Actuellement, la colonie est en pleine reconstruction. Père et fils ont décidé il y a deux ans de faire une sélection poussive. Il ne reste donc presque plus de vieux pigeons. Cette année, l’équipe des voyageurs était composée de 40 veufs dont 11 vieux, le reste de yearlings. Leur objectif avéré? Les nationaux de fond et des concours internationaux tels que Marseille, Narbonne et Perpignan. Ils ne participent qu’à maximum trois concours de fond par an et un minimum de deux prix est requis pour passer l’hiver. En jouant le programme national avec onze vieux, on ne peut se permettre d’engager que des équipes de 2, 3 voir 4 pigeons par concours.
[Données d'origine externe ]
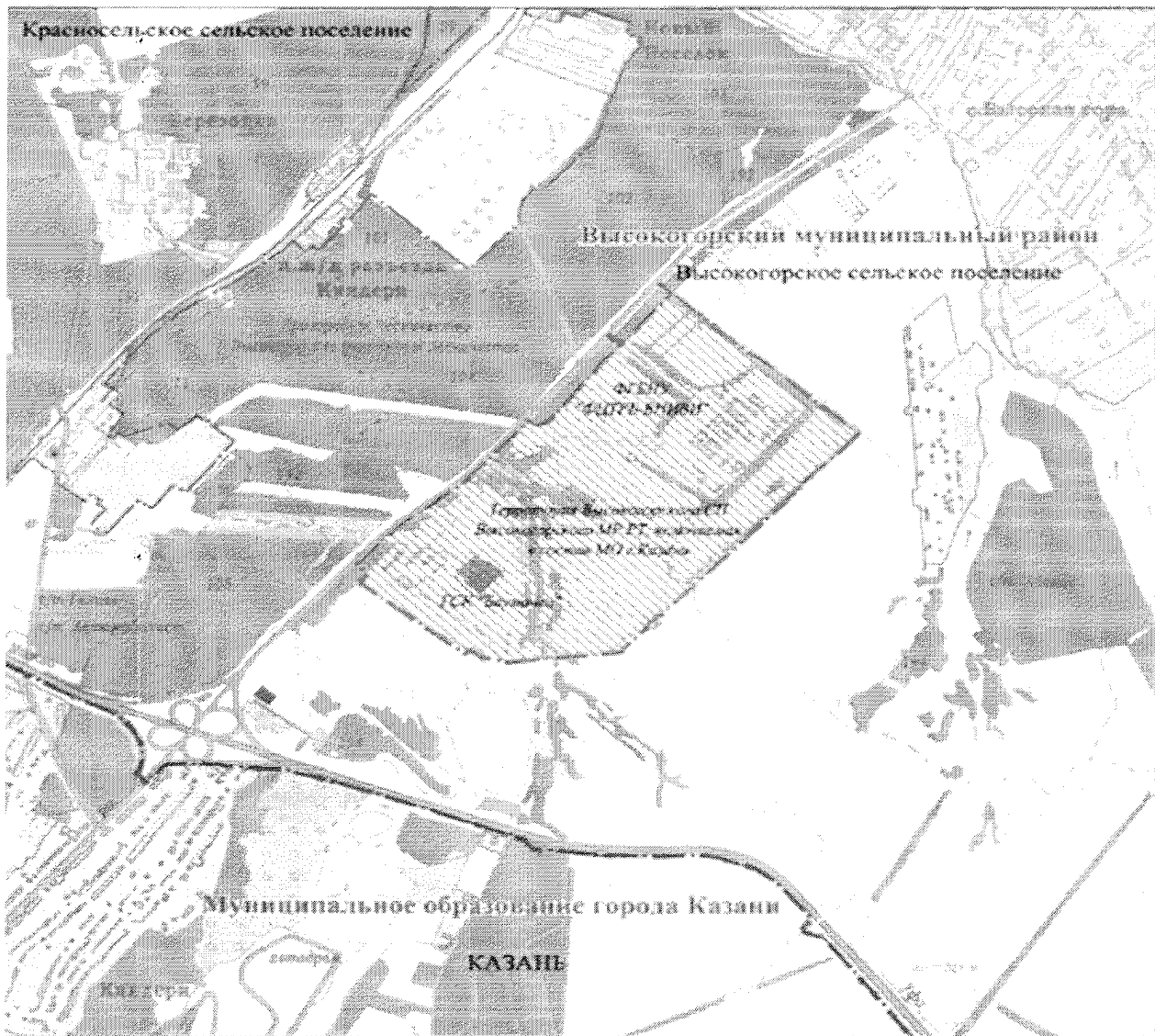
Схема изменения границ муниципального образования города Казани и Высокогорского сельского поселения Высокогорского муниципального района Республики Татарстан

Ce nombre sera donc normalement revu à la hausse l’année prochaine, et cela avait d’ailleurs déjà été prévu avant qu'ils ne remportent cette victoire nationale. Les yearlings ne volent qu’une petite dizaine de concours avec deux grand demi-fond tout au plus sur l’année. Le test final se fait sur Limoges ou sur Jarnac. Les incertains iront quant à eux pousser une pointe à Narbonne. Le but est uniquement de leur faire acquérir de l’expérience. Les couples de reproducteurs sont au nombre de 20. Ils sont composés de pigeons provenant de chez Marcel Vandenabeele de Renaix, Dieter Balmann d’Amblève, H&R Jongen de Kerkrade (P-B), Robert Van Eycken d’Erps-Kwerps, Harinck-Poelmans de Genk et enfin les Philippens de Fouron avec la lignée des Vrosch-Meyers. Ils élèvent annuellement 100 jeunes, qui sont simplement dégrossis et ont la possibilité de se développer aussi longtemps que possible durant l’année de leur naissance. Leur nombre est lui aussi fortement revu à la hausse du fait des récurrentes attaques de rapace. L’année dernière, ce ne sont pas moins de 55 pigeonneaux (!!!) qui ont passés l’arme à gauche. Pierre se force d’ailleurs à ne regarder ses pigeonneaux qu’en fin de saison pour le triage. S’il le faisait plus tôt, il pourrait alors pleurer presque tous les jours. Cela lui évite donc de se tracasser à propos de l’éventuelle disparition de pigeons qu’il ne connaît pas outre mesure. D’ailleurs, d’octobre à mars, aucun pigeon ne met son nez dehors. Voila à quoi ressemble la situation pour les amateurs du Namurois, de Liège et du Luxembourg !

‘Clément’- BE 09-1036713, 1er national Cahors 8.067 p.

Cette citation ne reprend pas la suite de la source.